Tasso veta apoio de Bolsonaro no palanque da oposição no Ceará

Indicado por Tasso Jereissati (PSDB) para disputar o Governo este ano, Capitão Wagner (PR) terá que lidar com uma difícil imposição do senador tucano: o apoio ao deputado Jair Bolsonaro, pré-candidato à presidência da República, está proibido. Na avaliação de Wagner, este é um grande problema, já que “grande parte da minha militância voluntária, que são aquelas pessoas que vão para a rua, vestem a camisa, seguram a bandeira de graça, até porque não posso pagar, é de eleitores do Bolsonaro.

Indicado por Tasso Jereissati (PSDB) para disputar o Governo este ano, Capitão Wagner (PR) terá que lidar com uma difícil imposição do senador tucano: em seu palanque, não poderá haver apoio a Jair Bolsonaro, pré-candidato à Presidência da República. Quem confirma a informação, de acordo com o jornal O Povo, é o presidente do PSDB estadual, Francini Guedes.

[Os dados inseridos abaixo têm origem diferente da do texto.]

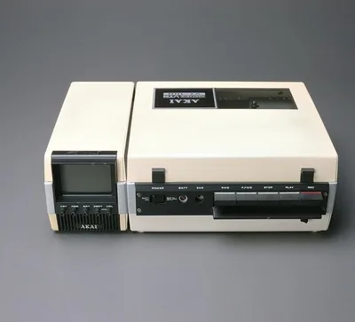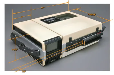One of the smallest video tape recorders of it's kind. It's carried as shown, via a removable shoulder strap.
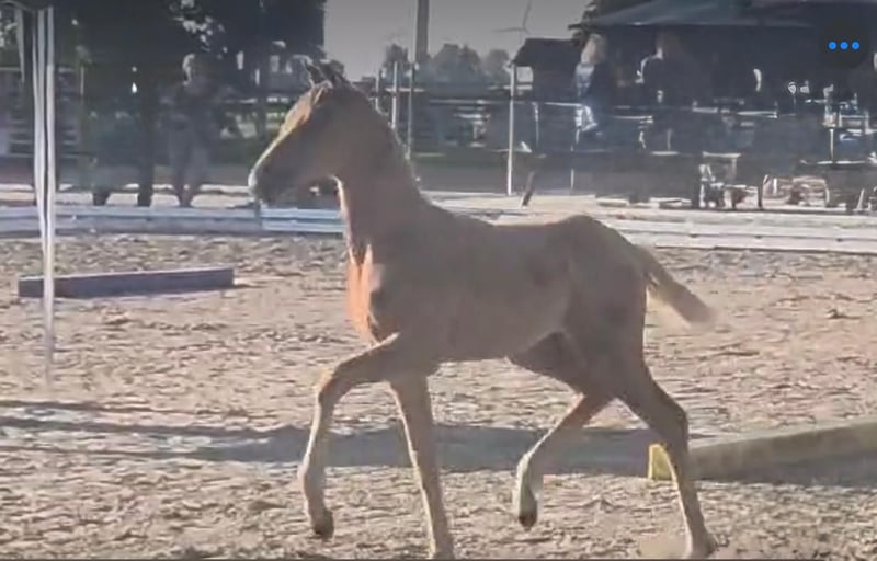 Hermosa potra palomino de gran tamaño, hija de Qaside MD x Damon Hill x Romantic Boy, en venta. Fue subcampeona en la exposición de potros en Hinte. Nacida el 30 de abril de 2025. ¡Solo en manos comprobadamente responsables! Ubicación: 26632 Ihlow
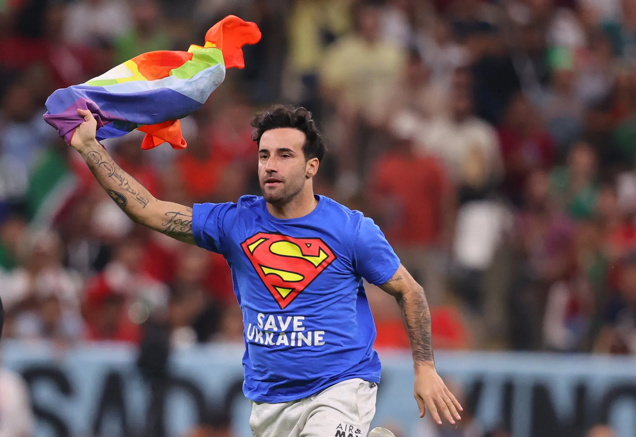 В матче Португалия – Уругвай на поле выбежал итальянец Марио Ферри. Он был в синей футболке с логотипом Супермена, где спереди была надпись Save Ukraine, а на спине – Respect for Iranian women. В руках у него был флаг в радужных цветах. Это могло быть как символ "мира", так и флаг в поддержку ЛГБТ.
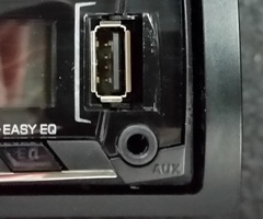 Модель JVC KD-X330BTE, как и другие бюджетные автомагнитолы JVC, не подразумевает использование диска. Дорога искусства к душе проходит по эфирным волнам или же через USB-разъем. Также можно задействовать аналоговый вход AUX. Единственный на лицевой панели USB-разъем может прикрываться крышкой. Гнездо подсветки не имеет. Полоской белого света обозначается край крышки. Невозможно не рассмотреть тот факт, что в аспекте энергетической насыщенности USB-разъема были достигнуты новые высоты. Ранее это значение определялось значением 1А. В данном же случае показатель увеличился на 50 процентов.

Segundo ele, não houve a exigência de que Wagner apoie o candidato do PSDB à presidência, mas um veto a Bolsonaro. “Não houve essa condição de palanque fechado, mas o Tasso não concorda com o Bolsonaro. A oposição apoiar outros nomes não seria um problema, o problema seria ter pessoas (no palanque) que apoiam o Bolsonaro”, afirmou, justificando que “Nós achamos que ele não é bom para o País”.

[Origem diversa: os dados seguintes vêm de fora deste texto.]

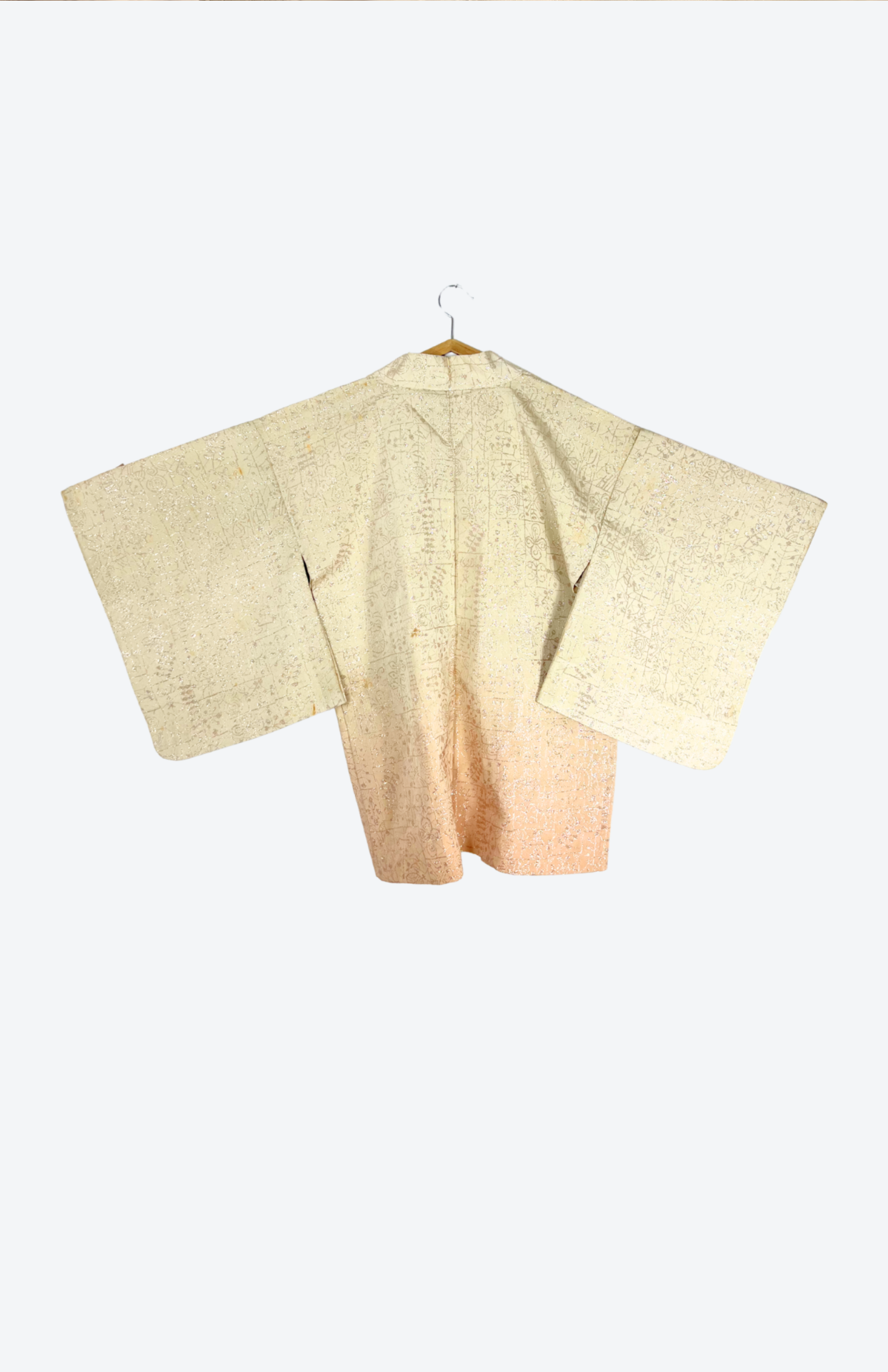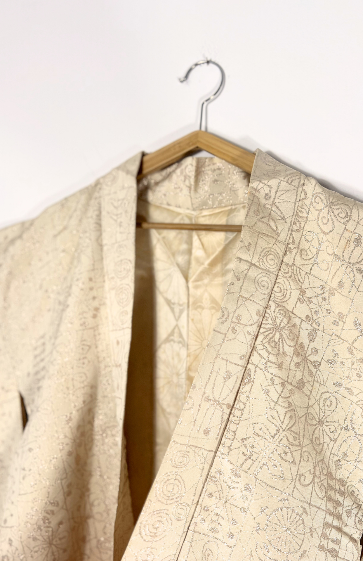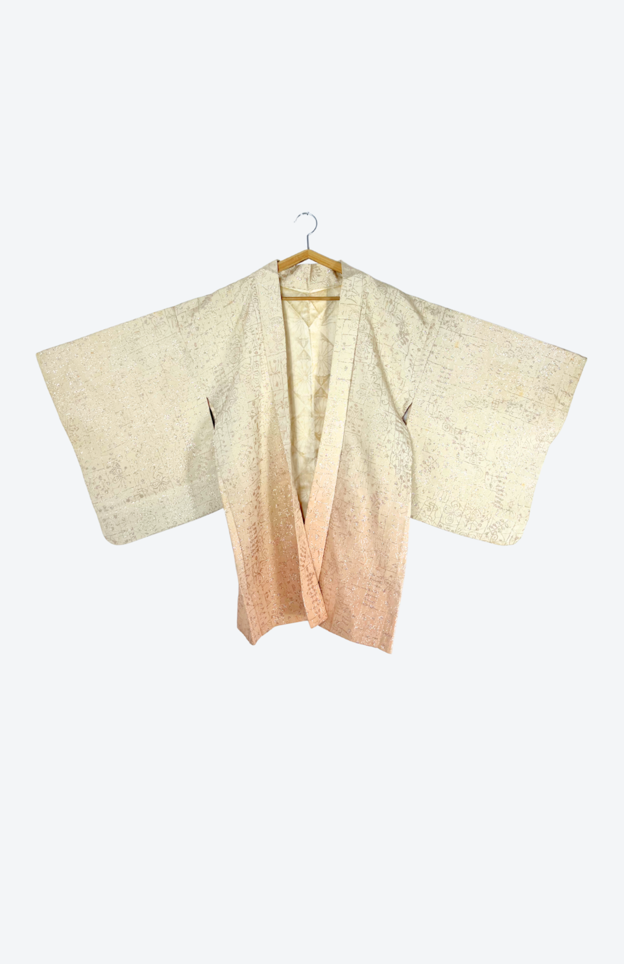 Vintage japonský haori kabátek z příjemné splývavé látky a s jemným vzorem. Má typický rovný střih se širokými rukávy. Zapíná se pomocí tradiční šňůrky v přední části.

Capitão Wagner, no entanto, considera a proibição um grande problema. “Grande parte da minha militância voluntária, que são aquelas pessoas que vão para a rua, vestem a camisa, seguram a bandeira de graça, até porque não posso pagar, é de eleitores do Bolsonaro”. Ele avalia ainda que, além do eleitorado, perderá o apoio de partidos “como o PHS do (deputado federal) Cabo Sabino, que não abre mão de apoiar o Bolsonaro”.